Seasonal evolution of total denitrification rates and theoretical community N assimilation at the P. pectinatus and MPB colonised sites. Data are reported as mean ± standard deviation (n = 3)

Fig. 6
figure 6

Relationship between community total benthic DIN consumption and the sum of denitrification and calculated community theoretical N assimilation rates at the P. pectinus (closed circles) and MPB (open circles) colonised sites. Data are reported as mean ± standard deviation (n = 3), the hatched line indicates a 1:1 relationship

On the annual scale, the ratio of community N assimilation to denitrification was a little below 1 indicating a slight dominance of denitrification over N assimilation as a sink for N. On average ~53% of the DIN consumed at both sampling sites was eliminated as N2 but this percentage varied between sampling dates especially at the P. pectinatus site (Fig. 5). At this site, N assimilation dominated during winter while in summer denitrification accounted for ~70% of benthic N consumption. Overall, our data support the growing body of evidence that the contribution of denitrification compared to plant N assimilation to the N dynamics in freshwater systems is systematically higher compared to that measured in coastal marine environments (Table 5), where denitrification plays a relatively minor role (e.g. Risgaard-Petersen et al., 1998; Risgaard-Petersen & Ottosen, 2000; Welsh et al., 2000; Bartoli et al., 2008; Dunn et al., 2012). The calculated mean annual contribution of denitrification to benthic DIN consumption also agrees well with the contributions calculated in other fresh water aquatic systems where denitrification accounted for 40–80% of total benthic DIN consumption (Matheson et al., 2002; Pinardi et al., 2009; Kreiling et al., 2011).
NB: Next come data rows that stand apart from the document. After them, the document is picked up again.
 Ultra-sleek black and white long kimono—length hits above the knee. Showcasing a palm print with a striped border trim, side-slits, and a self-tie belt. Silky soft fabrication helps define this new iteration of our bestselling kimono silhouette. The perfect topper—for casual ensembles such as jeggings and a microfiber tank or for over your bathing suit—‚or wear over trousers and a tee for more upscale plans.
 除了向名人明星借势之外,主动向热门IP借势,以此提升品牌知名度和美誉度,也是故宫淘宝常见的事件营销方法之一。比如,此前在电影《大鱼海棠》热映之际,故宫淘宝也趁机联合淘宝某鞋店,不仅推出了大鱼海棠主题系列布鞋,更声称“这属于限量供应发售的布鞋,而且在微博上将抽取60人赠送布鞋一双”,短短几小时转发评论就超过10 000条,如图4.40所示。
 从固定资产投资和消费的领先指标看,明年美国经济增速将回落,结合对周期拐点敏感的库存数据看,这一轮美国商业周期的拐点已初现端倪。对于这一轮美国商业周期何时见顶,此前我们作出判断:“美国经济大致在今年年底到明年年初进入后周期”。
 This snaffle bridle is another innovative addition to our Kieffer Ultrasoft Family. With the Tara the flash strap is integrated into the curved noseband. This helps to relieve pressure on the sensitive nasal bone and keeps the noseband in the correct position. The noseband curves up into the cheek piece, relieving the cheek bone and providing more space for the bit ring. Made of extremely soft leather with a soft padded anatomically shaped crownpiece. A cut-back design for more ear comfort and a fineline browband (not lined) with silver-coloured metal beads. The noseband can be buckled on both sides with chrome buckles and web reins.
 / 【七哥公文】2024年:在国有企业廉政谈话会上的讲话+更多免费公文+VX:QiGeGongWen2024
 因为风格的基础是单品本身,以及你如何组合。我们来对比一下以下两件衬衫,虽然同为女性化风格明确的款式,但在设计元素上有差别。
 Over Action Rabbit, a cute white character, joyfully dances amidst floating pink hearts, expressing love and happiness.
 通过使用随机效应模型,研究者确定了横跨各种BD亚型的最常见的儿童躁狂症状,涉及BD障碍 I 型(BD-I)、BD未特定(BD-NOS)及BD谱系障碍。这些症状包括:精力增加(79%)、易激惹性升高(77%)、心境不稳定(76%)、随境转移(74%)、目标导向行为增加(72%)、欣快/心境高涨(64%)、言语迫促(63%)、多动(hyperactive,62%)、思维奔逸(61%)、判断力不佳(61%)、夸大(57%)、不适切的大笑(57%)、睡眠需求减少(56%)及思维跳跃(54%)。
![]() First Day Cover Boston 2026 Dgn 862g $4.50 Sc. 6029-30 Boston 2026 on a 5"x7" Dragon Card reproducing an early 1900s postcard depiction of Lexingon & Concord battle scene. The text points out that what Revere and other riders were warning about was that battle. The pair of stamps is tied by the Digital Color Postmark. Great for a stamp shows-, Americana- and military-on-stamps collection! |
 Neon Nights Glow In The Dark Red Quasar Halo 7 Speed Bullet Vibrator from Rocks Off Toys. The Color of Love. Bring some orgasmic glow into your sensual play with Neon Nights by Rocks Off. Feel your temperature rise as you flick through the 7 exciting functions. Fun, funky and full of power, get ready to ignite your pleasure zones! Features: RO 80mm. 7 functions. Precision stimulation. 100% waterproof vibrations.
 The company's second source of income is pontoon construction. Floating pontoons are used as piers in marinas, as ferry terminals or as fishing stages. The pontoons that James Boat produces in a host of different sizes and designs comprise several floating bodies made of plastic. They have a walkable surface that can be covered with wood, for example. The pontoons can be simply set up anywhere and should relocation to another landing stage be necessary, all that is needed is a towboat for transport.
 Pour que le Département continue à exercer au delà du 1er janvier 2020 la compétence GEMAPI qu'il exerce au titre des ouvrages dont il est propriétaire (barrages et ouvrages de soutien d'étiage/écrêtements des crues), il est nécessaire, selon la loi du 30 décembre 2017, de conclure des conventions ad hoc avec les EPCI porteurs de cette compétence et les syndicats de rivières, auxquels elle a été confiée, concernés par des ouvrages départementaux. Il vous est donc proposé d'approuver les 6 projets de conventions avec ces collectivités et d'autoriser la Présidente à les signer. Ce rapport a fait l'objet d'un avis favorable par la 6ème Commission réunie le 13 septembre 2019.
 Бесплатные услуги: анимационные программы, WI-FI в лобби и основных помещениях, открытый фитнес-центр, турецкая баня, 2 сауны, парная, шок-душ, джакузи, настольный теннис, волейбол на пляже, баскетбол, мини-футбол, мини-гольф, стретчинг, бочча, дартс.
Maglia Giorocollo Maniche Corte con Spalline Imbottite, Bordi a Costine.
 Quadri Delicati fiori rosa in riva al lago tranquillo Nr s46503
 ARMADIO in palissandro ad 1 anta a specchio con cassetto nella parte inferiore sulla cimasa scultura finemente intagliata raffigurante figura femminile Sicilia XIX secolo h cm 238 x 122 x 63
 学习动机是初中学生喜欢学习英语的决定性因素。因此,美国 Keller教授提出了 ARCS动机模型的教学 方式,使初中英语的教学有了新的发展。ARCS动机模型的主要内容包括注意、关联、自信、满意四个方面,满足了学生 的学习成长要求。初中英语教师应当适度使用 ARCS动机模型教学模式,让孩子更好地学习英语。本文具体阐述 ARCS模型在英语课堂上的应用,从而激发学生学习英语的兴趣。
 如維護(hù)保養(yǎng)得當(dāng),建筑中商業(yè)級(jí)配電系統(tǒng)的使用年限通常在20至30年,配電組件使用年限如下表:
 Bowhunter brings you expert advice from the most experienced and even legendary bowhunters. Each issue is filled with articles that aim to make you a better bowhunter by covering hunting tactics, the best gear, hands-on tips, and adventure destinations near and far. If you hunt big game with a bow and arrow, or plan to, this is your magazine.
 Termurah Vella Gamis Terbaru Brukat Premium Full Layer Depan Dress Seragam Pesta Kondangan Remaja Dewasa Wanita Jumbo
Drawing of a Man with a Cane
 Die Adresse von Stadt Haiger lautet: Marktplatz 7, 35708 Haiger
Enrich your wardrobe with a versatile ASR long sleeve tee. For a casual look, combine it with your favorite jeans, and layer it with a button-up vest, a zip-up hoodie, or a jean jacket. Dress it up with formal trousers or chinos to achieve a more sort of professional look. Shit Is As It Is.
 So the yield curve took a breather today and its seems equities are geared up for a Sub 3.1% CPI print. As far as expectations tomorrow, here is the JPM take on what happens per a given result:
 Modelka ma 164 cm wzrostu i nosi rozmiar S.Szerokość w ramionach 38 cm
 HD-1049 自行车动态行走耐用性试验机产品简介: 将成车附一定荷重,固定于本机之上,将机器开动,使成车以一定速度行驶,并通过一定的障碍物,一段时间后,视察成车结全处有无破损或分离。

Overall, our results indicate that in contrast to what is generally observed in shallow water marine environments (Table 5) both denitrification and N assimilation play important and comparable roles in DIN removal in freshwater systems and suggest that shallow aquatic environments in agricultural landscapes may act as efficient N traps. In addition, our results suggest that the continued P. pectinatus colonisation of the littoral zone of the studied pit lake will modify the N dynamics of the lake by (1) reducing N mobility due to the longer retention time of assimilated N in the biomass, (2) potentially enhancing N-burial in the sediment due to the more refractory nature of the biomass produced and (3) enhancing N removal via denitrification.